The formula’s a bit complicated, but think about it this way: If the customer of bank goes online to check their balance and then log out, it’s a single transaction. But that transaction has multiple actions – log in, fetch the checking account, check that one entry is right, log out. Each action should have a performance standard to meet – in this case, milliseconds.
The formula tests each link. If there’s a failure to meet the performance standard the entire transaction fails.
At the end of a set period of time – say, a day – compute how many transactions failed the standard and you have a good idea if you have reliable service.
Because of those misleading infrastructure performance screens in the NOC, says Davis, and the wrong people who are watching them.
“What I see consistently is people making a big investment in tools and they put what I would call the standard computer operator in front of it, like in a NOC. And I get that because they’re trying to bring in everything into once central place – and I don’t disagree with that –but I think it’s a problem because most of the people in the NOC look at Java alerts coming in because the SLO was broken and they’re like ‘What do we do with this?’
“I went to one customer and asked to see his NOC, because he was very proud … and when I got there the screens on the wall were filled with orange and yellow and red alerts. And I was sitting there and watching, thinking I was going to see a triage.” But nobody was doing anything.
“So I asked one of the lead operators ‘What are we going to do.

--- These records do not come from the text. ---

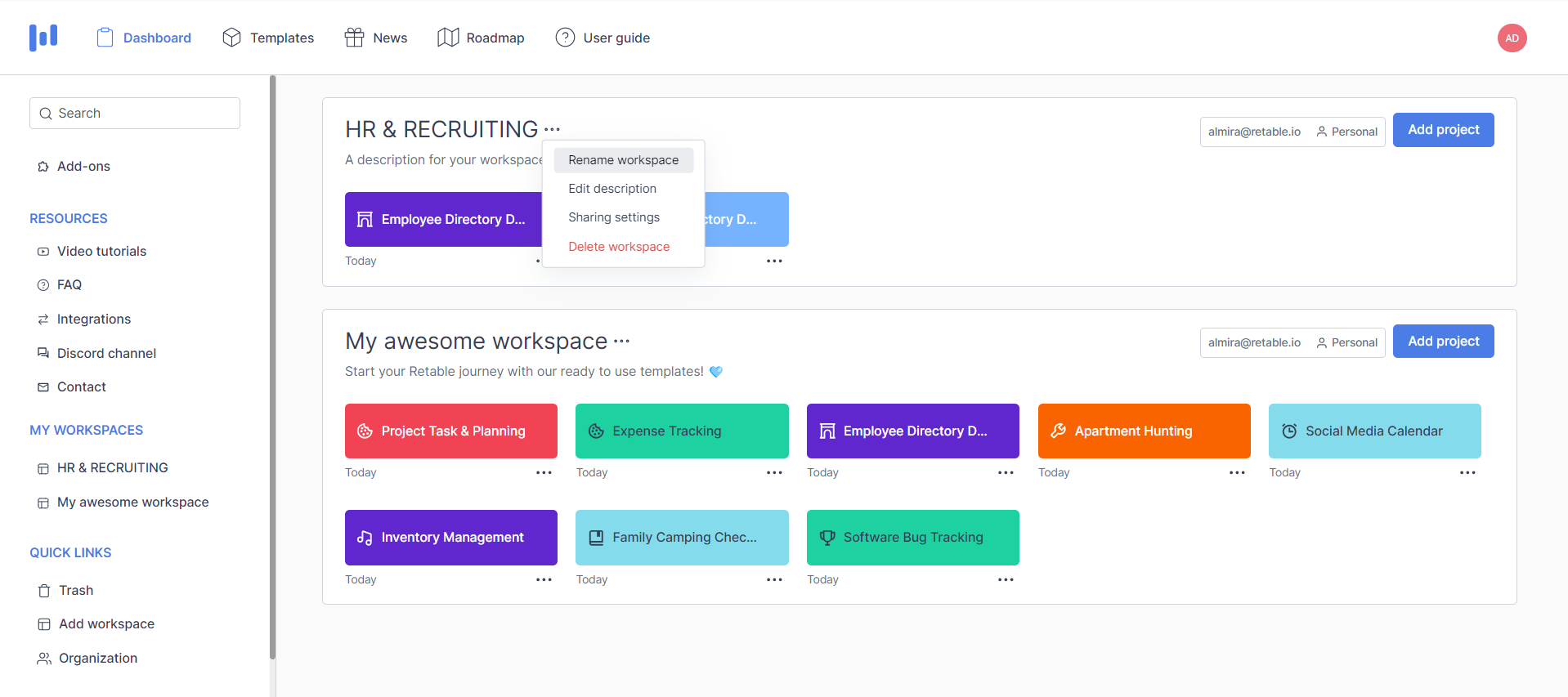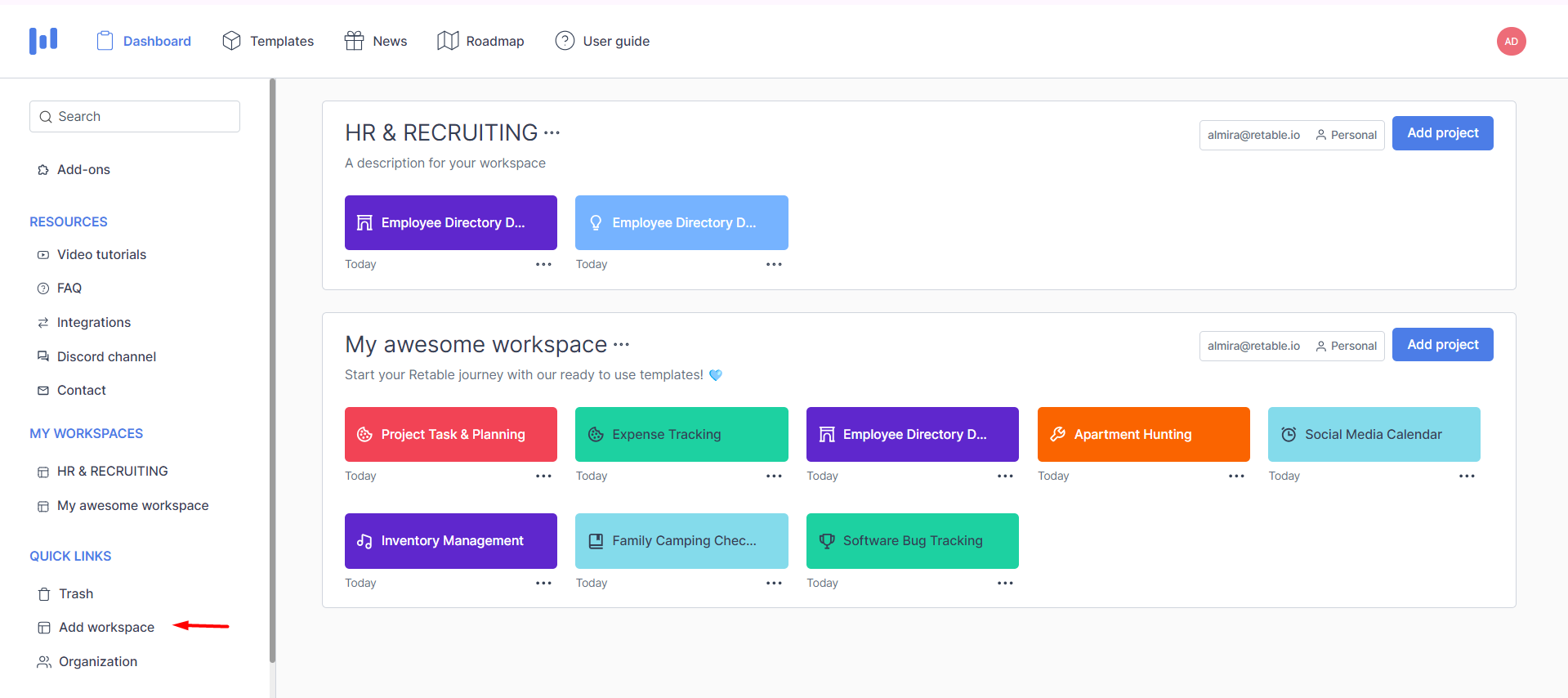 4. Click on "Add workspace" button.
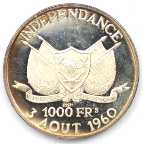 Niger, 1000 Francs, ND(1960), sølv, 20.00 gr., .900, KM# 6
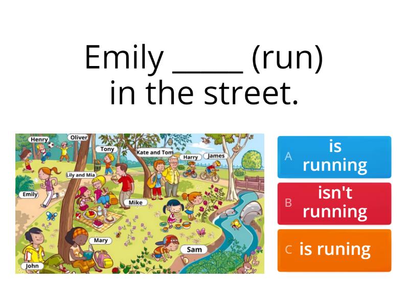 1) Emily _____ (run) in the street. a) is running b) isn't running c) is runing 2) James and Harry ______ (ride) the bike. a) are riding b) is rideing c) aren't riding 3) Sam______(cry). a) is crying b) isn't crying c) isn't cryying 4) Lily and Mia ________ (smile). a) smiling b) are smiling c) is smile 5) Two people in the back _____ (play) football. a) is playing b) are playing c) isn't playing 6) Harry and James ______ (cycle). a) is cycling b) aren't cycling c) are cycling 7) Sam ________ (look) at the snail. a) isn't looking b) is lookking c) is looking 8) Mary________ (listen) the music. a) isn't listening b) is listening c) listening 9) John and Mary _____ (sit) under the tree. a) isn't sitting b) are sitting c) is siting 10) Mike ______ (eat) a sandwich. a) isn't eating b) eating c) is eating 11) Kate and Tom ________ (look) at the river. a) are look b) are lookking c) are looking
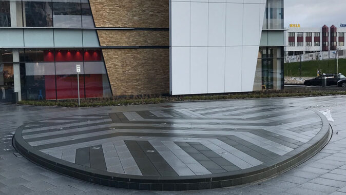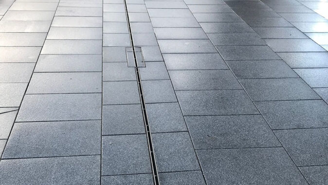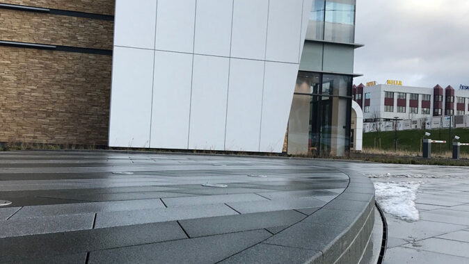 Bezpečný pohyb lidí byl také jeden z klíčových zadání pro projektanty. Generální dodavatel stavby, společnost STRABAG a.s., společně s investorem udělali výběrové řízení na návrh a řešení, ve kterém nejlépe obstál projekční tým MEA. Specialisté navrhli odvodnění parteru a zpevněných ploch před vstupy do objektu, kolem schodišť, okrajích chodníků, pásů zeleně a elipsovité fontány celonerezovým žlabem, systémem štěrbinových žlabů, nerezových obrubníků a také využili zadlažďovací poklopy.
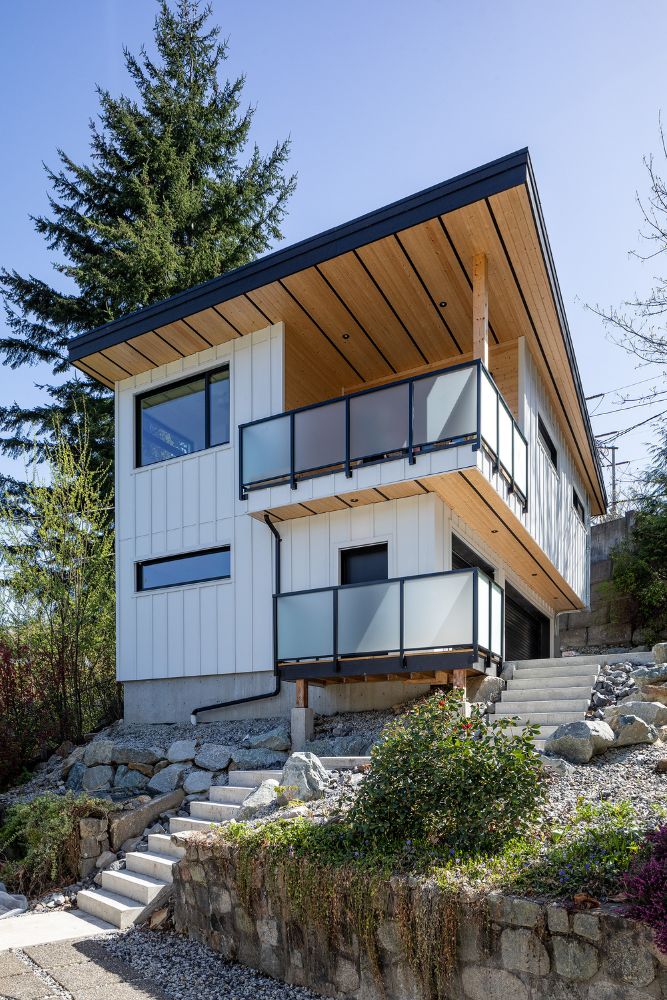 Due to the irregular lot shape and topography, the carriage house is located to the side and front of the primary residence. The building is client-occupied, so every detail was carefully thought out. Careful attention was taken to window locations and sizing to ensure that views were maximized while providing privacy and still letting in plenty of natural light. The air barrier and insulation were carefully planned which created an ultra energy-efficient building.

Is this a big thing going on?’ and he goes, ‘We don’t know what those are, so we wait for 10 minutes, and then we clear them.’”
Or he recalls being at a company responsible for a sizable dot-com that was getting lots of complaints from customers despite the 24 high availability clusters that generated lots of 99 per cent uptime statistics.
If a couple of servers were giving trouble – say because poor code was running – the server manager would just pull the servers. That, of course, affected thousands of online customers. But the availability of the cluster didn’t change.
Davis says his formula approach – which he admits isn’t entirely scientific — looks at reliability, not availability.
Asked if complaints from customers to a call centre isn’t supposed to be the warning signal IT should heed, Davis to some degree that’s true. But it’s also being reactive. Looking at service reliability is being proactive, he argues.